GPT-5.4 mini and nano: the right model isn't the biggest, it's the one that fits your agent
OpenAI launched two new models today — and they are not for you to use directly in chat. They are for delegation. The era of agents has a new cost logic, and it changes how you will build with AI.

There's a question every dev working with AI starts to ask sooner or later: why am I paying for the most expensive model at every step?
You use GPT-5.4 to plan. To write code. To review. To search the codebase. To classify a file. To extract data from a document. All with the same model, all at the same cost, even when the task is trivial.
GPT-5.4 mini and nano arrived today to signal that this usage model is over. Or at least it should be.

What was launched
Metrics and signals that help summarize technical impact with immediate readability.
GPT-5.4
Flagship
Input Reference Ideal use Planning, coordination, final review
GPT-5.4 mini
New
Input $0.75/M tokens Output $4.50/M tokens Context 400k tokens Codex 30% of flagship quota
GPT-5.4 nano
New · Cheaper
Input $0.20/M tokens Output $1.25/M tokens Ideal use Classification, extraction, ranking
The nano is the cheapest model OpenAI has ever launched. $0.20 per million input tokens — for high-volume tasks where you need speed and scale, not deep reasoning.
But is mini good enough?
That's the question that matters. And the benchmarks have an interesting answer.
SWE-bench Pro — code tasks in real repositories:
- GPT-5.4: ~56%
- GPT-5.4 mini: 54.38% — only 2 points behind
- GPT-5.4 nano: ~28%
OSWorld-Verified — computer and interface usage:
- GPT-5.4: 75.03%
- GPT-5.4 mini: 72.13% — 3 points behind
- GPT-5.4 nano: 39.61%
The mini is 2 percentage points behind the flagship in code. In computer usage, 3 points. And it runs more than twice as fast.
This isn't "almost good". It's good enough for 80% of the tasks a coding agent needs to do.
The logic of sub-agents
What OpenAI is signaling goes beyond prices. It's an architectural change — and it's already happening in Codex, their agentic coding engine.
How Codex divides the work
- GPT-5.4 - Planning, coordination, architectural decisions, final review
- GPT-5.4 - mini Parallel sub-agents — codebase search, large file review, support document processing
- GPT-5.4 nano - High volume — classification, data extraction, ranking, light code support
The large model thinks. The smaller models execute. In parallel, in volume, without consuming flagship quota for tasks that don't need it.
It's the same logic as microservices applied to AI models: you don't use the most expensive server to serve a static file.
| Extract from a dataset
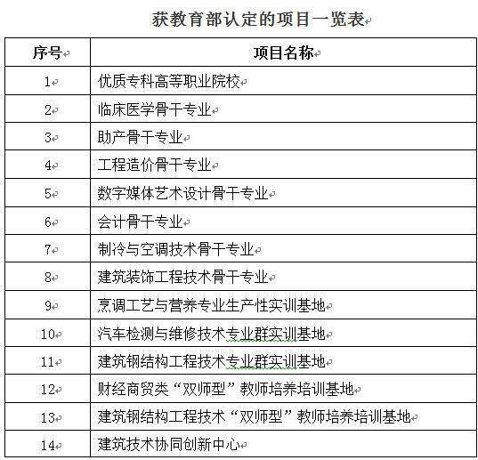 近日,教育部发布《关于公布<高等职业教育创新发展行动计划(2015-2018年)>项目认定结果的通知》(教职成函[2019]10号),XK星空“优质专科高等职业院校”项目获得教育部认定,标志着学校正式成为国家优质专科高等职业院校, 站稳职业教育发展的第一方阵。同时获得认定的还有“骨干专业”项目7个、“生产性实训基地”项目3个、“双师型教师培养培训基地”项目2个、“协同创新中心”项目1个。

You use the right one for each function.
What this changes for those building with AI
If you're building anything that calls AI models in multiple stages — whether it's a coding agent, an analytics pipeline, an automation with n8n or Langchain — this model architecture starts to make much more sense than using the flagship for everything.
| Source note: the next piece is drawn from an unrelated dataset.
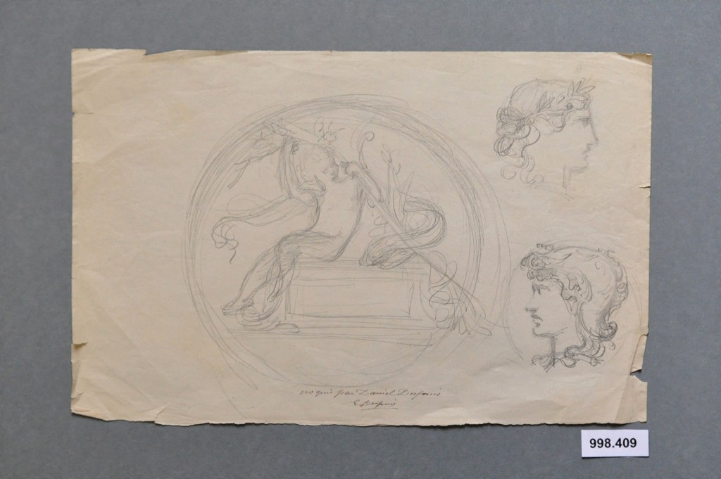 No se los menciona en la biografía y catálogo de la obra de Daniel Dupuis por Fernand Mazerolle, publicada en 1898. El artista donó en vida la colección de sus obras, que se conserva en el Museo de Bellas Artes del Castillo de Blois, en su ciudad natal. Tampoco se encontró en esos archivos ninguna mención a los medallones, ni correspondencia con Ballu o la comisión argentina. Julie Brossier, responsable de la documentación, tuvo la amabilidad de enviarme dos dibujos del escultor que tal vez fueran bosquejos para estas piezas.

Think of a simple pipeline: receive a document, extract structured data, classify by category, generate a summary, review. Each step has a different level of complexity. Using GPT-5.4 for all of them is like hiring a senior architect to do housekeeping.
The math in Codex is direct: mini consumes only 30% of the GPT-5.4 quota. For parallel tasks — ten sub-agents running simultaneously — this is the difference between scaling or not scaling financially.
The nano isn't for everything. With 39% in OSWorld-Verified, it loses a lot in tasks that require chained reasoning. It shines in volume and simplicity — classifying, extracting, ranking. If the task has nuance, go for the mini.
A quote that summarizes it well
OpenAI said something worth remembering:
"The best model is often not the biggest — it's the one that can respond quickly, use tools reliably, and still perform well on complex and specialized tasks."
This is a shift in mindset. For a long time, the race was for increasingly larger models. Now the conversation is shifting towards increasingly suitable models — for the right cost, at the right speed, for the right task.
Key Takeaways
- GPT-5.4 mini is 2-3 points behind the flagship in code and computer usage, running 2× faster.
- GPT-5.4 nano is OpenAI's cheapest model — $0.20/M tokens — for high-volume tasks.
- In Codex, mini consumes 30% of GPT-5.4's quota — real financial scaling in parallel pipelines.
- Using the right model for each task is no longer advanced optimization — it's basic architecture.